18 Side 王

彼女の住む街には蝉という生き物がいるらしい。

一斉に泣き出すその音に耳を塞ぎたくなる。


「現し世に来るのは初めてだな」


限られた者だけか行き来することが出来るとは聞いていたが、門の向こうはこうなっていたのか。見慣れぬ生き物や建物が興味深い。

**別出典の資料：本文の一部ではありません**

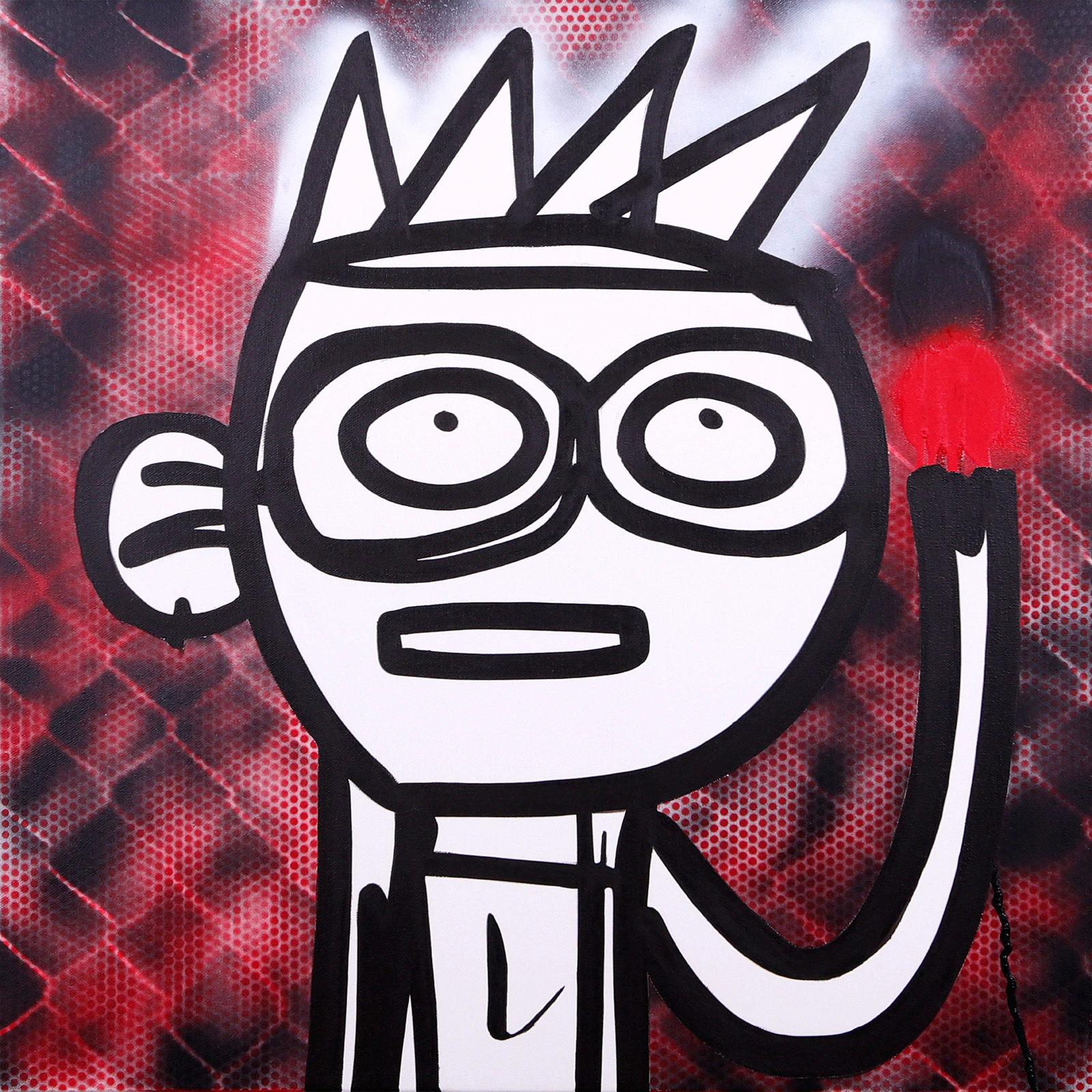 Portrait brut et instinctif de "BASQUIEN", mon identité visuelle. Œuvre issue d'une série de portrait dans lesquels la structure du tableau avec le personnage central est toujours réalisée à la peinture acrylique mais chaque fond est réalisé avec une technique différente, dans le cas présent à la bombe. BASQUIEN RAW 60 x 60 cm Peinture acrylique, Bombe de peinture Année : 2025 1/1 Toile en coton montée sur châssis bois 3D Encadré avec une caisse américaine en escalier noire Signé sur le bord droit et contresigné au dos Livré avec certificat d'authenticité
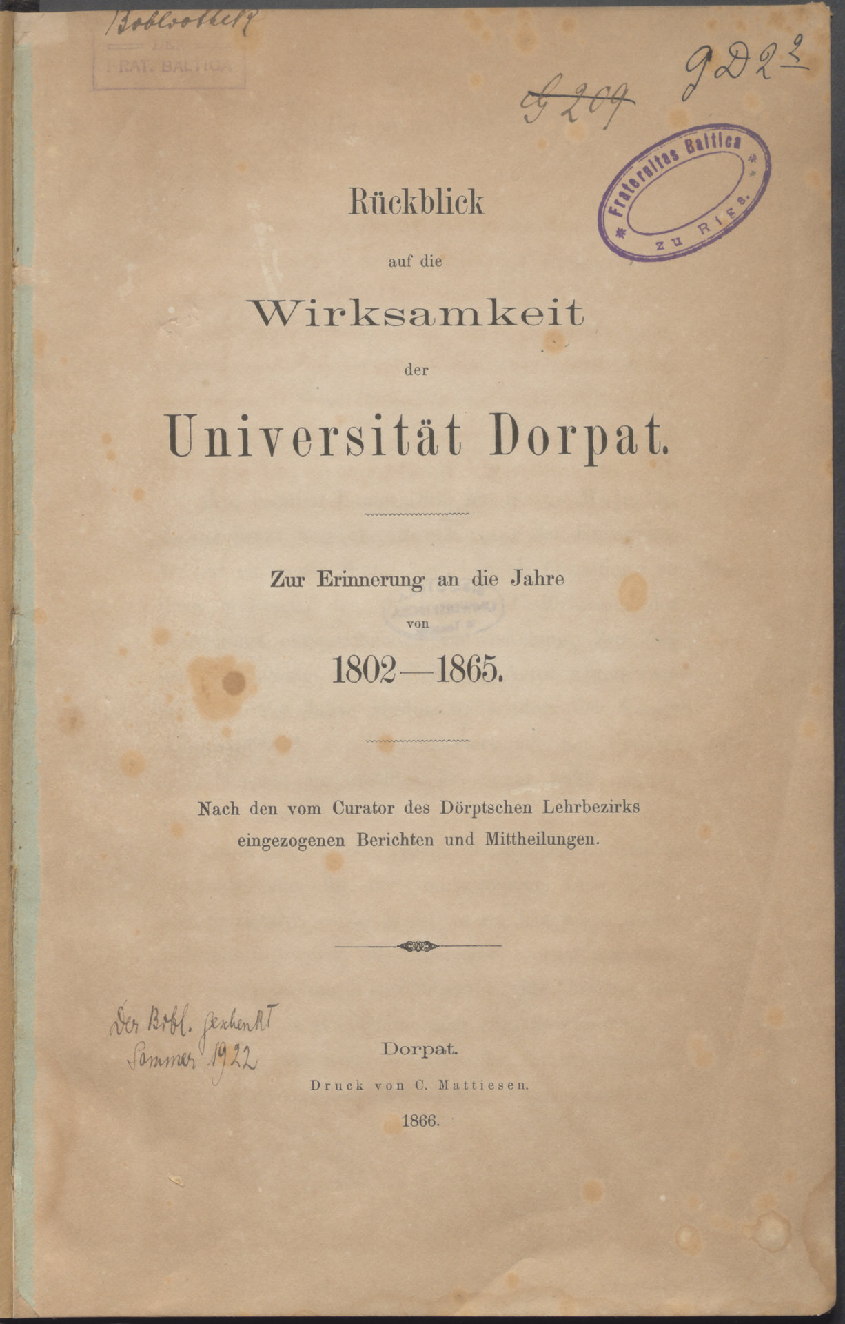 Part of Rückblick auf die Wirksamkeit der Universität Dorpat : zur Erinnerung an die Jahre von 1802 - 1865 ; nach den vom Curator des Döptschen Lehrbezirks ingezogenen Berichten und Mittheilungen

時々、現し世で迷い子になった魂を見かけ声を掛けた。行き先を教えてやる。

向こうに戻ればまた逢うことになるだろう。


街の様子を満足するまで見て回った後、目的の場所へと向かった。

現し世の若者たちが学ぶ場らしい。帰路につこうとする者達の流れに逆らいながら歩を進める。

この辺りの風景はあの鏡によって見せられていたので覚えがある。


膨大な書物が並ぶ建物の中に彼女の姿はあった。

伏し目がちに本を読んでいる姿は絵画を見ているようだった。聖域を犯すような緊張感があり、そろそろと近寄っていく。


こちらに気付く様子もなく夢中で物語に没頭しているらしい。時々頬が緩んでいた。


「こんにちは」


そう声をかければ、初めてこちらを向いた。

不思議そうに首を傾げている。手を伸ばせば触れることが出来る場所までやって来たんだ。

ただ視線を向けられただけなのに血が沸き立つような感覚だった。